Он берет мою ладонь, и я чувствую, насколько теплая у него кожа по сравнению с моей, я обливаюсь потом, и, хотя я борюсь с этим, мои глаза снова закрываются, пока где-то далеко-далеко Лив кричит в мобильный:
– «Скорая»! Мне нужна «Скорая»! Я думаю, у него остановка сердца…
Я даже не могу считать это одной из своих смертей, потому что, хотя случившееся опасно для жизни, мое сердце на самом деле не остановилось.
– Ну что ж, похоже, произошла перфорация мышцы вашего сердца одним из электродов ИКД, и это действительно нужно исправить сейчас, прежде чем проблема усугубится.
– Перфорация?! Как это могло случиться? – Лив находится в режиме терьера. Как будто бедный младший врач несет личную ответственность за произошедшее!
– Лив, мы можем обсудить все это позже, хорошо? – голос звучит жалко, хотя я пытаюсь улыбнуться ради Лео.
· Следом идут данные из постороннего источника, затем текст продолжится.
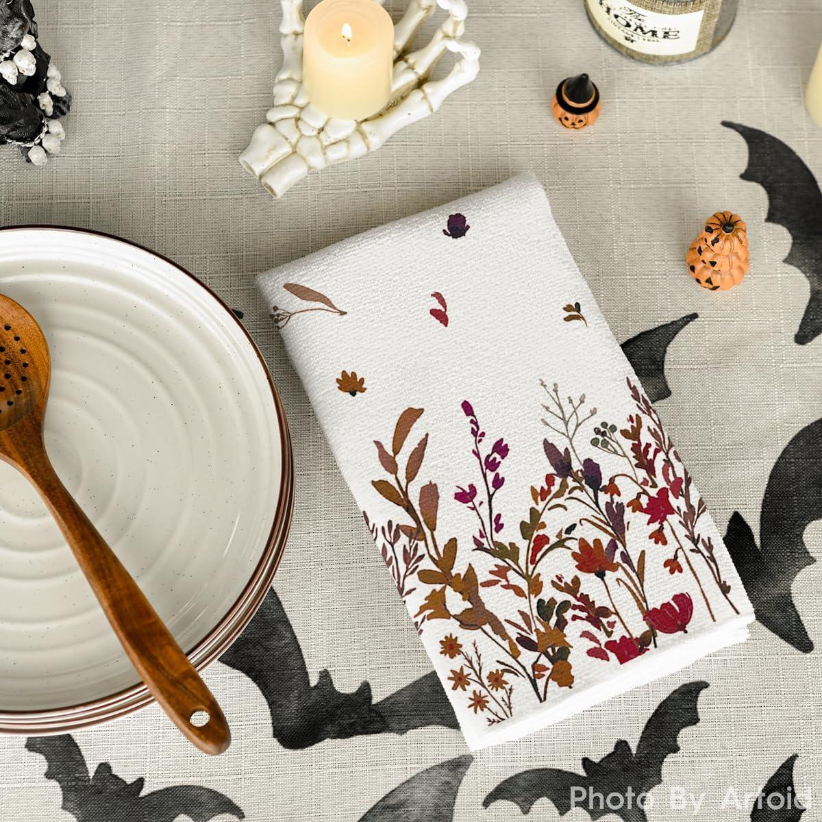 Artoid Mode Wildflower Floral Halloween Kitchen Towels Dish Towels, 18×26 Inch Farmhouse Leaves Decoration Hand Towels Set of 2(Black)
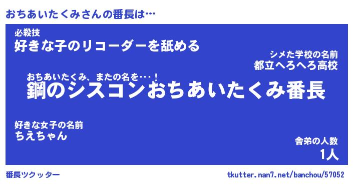| 伝説のあだ名 | 『封印されしスナイパーおちあいたくみ』 |
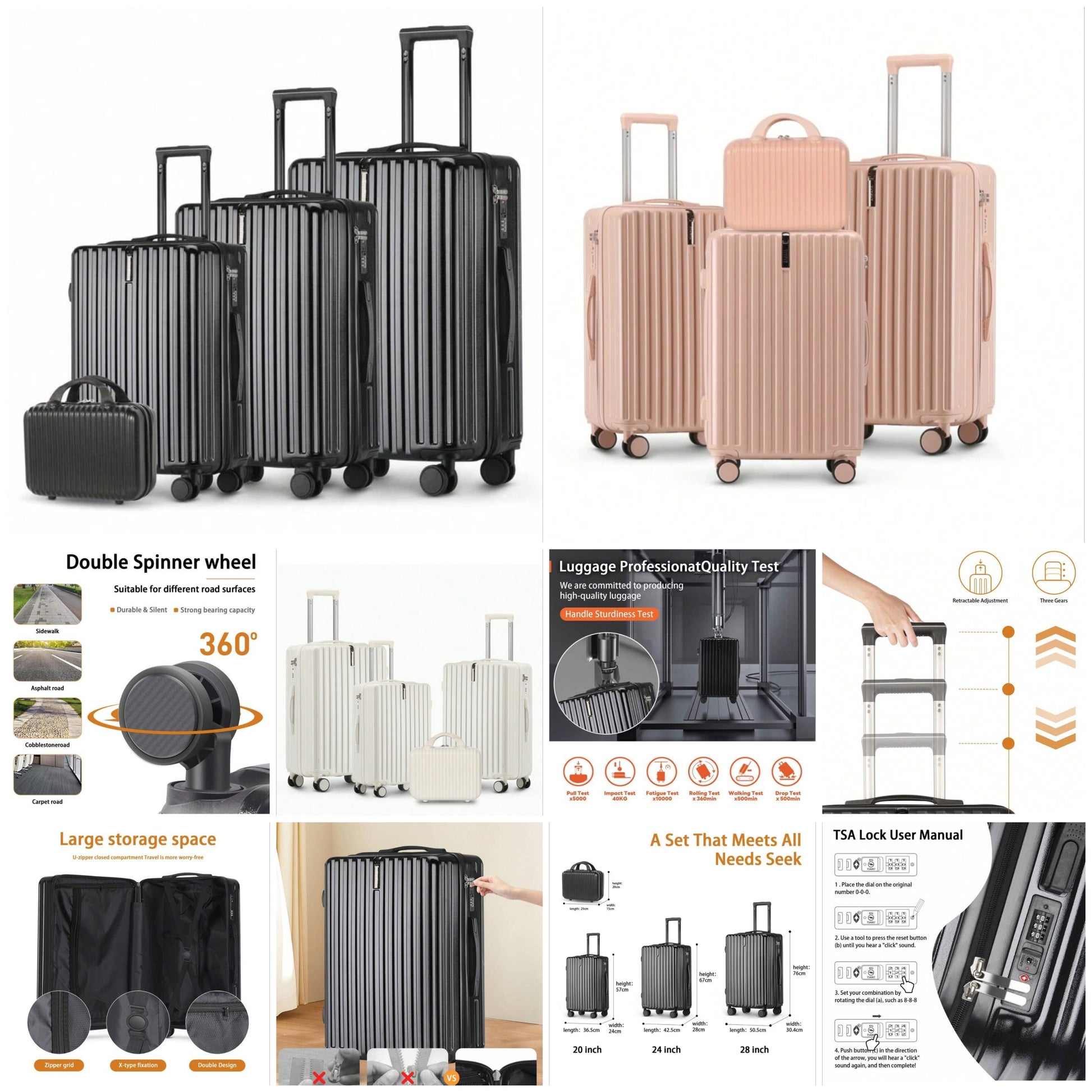 4-Piece Luggage Sets With 360 Spinner Wheels ABS+PC Hard Shell Luggage Suitcase Sets With TSA Lock Cosmetic Bag 14in 20in 24in 28in Travel Suitcase Suitcases Suit Case Durable Carry On Travel Luggage Carry On Suitcase Hand Luggage Waterproof
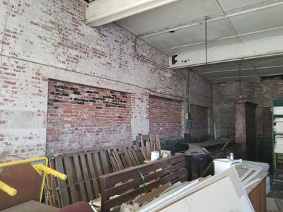 Exterior improvements include door and window replacement, roof replacement, coffee shop drive-through, covered patio addition, and ADA sidewalks and entry. Energy conservation measures include a weather barrier and insulation of the existing brick walls, R-25 roof insulation, thermally broken window framing and insulated glazing, HVAC equipment and controls modernization, and all new LED lighting.
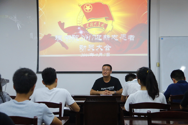 首先,单江涛老师宣读了《理学院迎新工作志愿者理办法》,接着他提出了工作要求,要求全体志愿者熟悉报到流程、办公地点和校园环境,不能以志愿者的身份向新生推销一切个人盈利性物品,要求全体志愿者要切实履行志愿者的职责,认真对待,做到礼貌、热情、周到,向广大新生展现我院良好的精神风貌。

Мои родители возвращаются со встречи с друзьями в Лондоне, чтобы забрать его, но я знаю, что чем дольше он будет видеть меня в таком состоянии, тем хуже будет для нас обоих.
Я подзываю его к себе. Его костюм Фреда Флинтстоуна – единственное, что сейчас способно заставить меня улыбнуться.[85]
– Лео, приятель, все будет хорошо. Просто немного проводов согнулось не в ту сторону, верно, доктор?
Доктор неуверенно кивает.
– Это немного серьезнее, чем…
Я бросаю на него предупреждающий взгляд. «Пойми намек!»
– Лео, не могли бы вы с Лив найти больничный магазин и купить мне плитку шоколада на потом?
– Батончик Lion!
– Да, по одному на каждого из нас. И еще один для доктора. Но сначала быстро поцелуй меня.
Когда он наклоняется, я хочу затащить его к себе на каталку и держать его до последнего момента, пока мне не наденут на лицо маску. Но я не настолько эгоистичен.
– Люблю тебя, Лео.
– Я тоже тебя люблю, папочка.
Лив тоже наклоняется, чтобы поцеловать меня.
– Доверяю тебе испортить нашу первую за несколько недель свободную субботу. Безобразник.
Мне хотелось бы думать, что она говорит это с любовью. Но, если честно, в ее голосе есть крохотная нотка раздражения.
Она берет моего сына за руку, и они исчезают, возвращаясь в нормальный мир, скрытый за занавесом.
– Мы отвезем вас в операционную, как только хирург вернется с гольфа.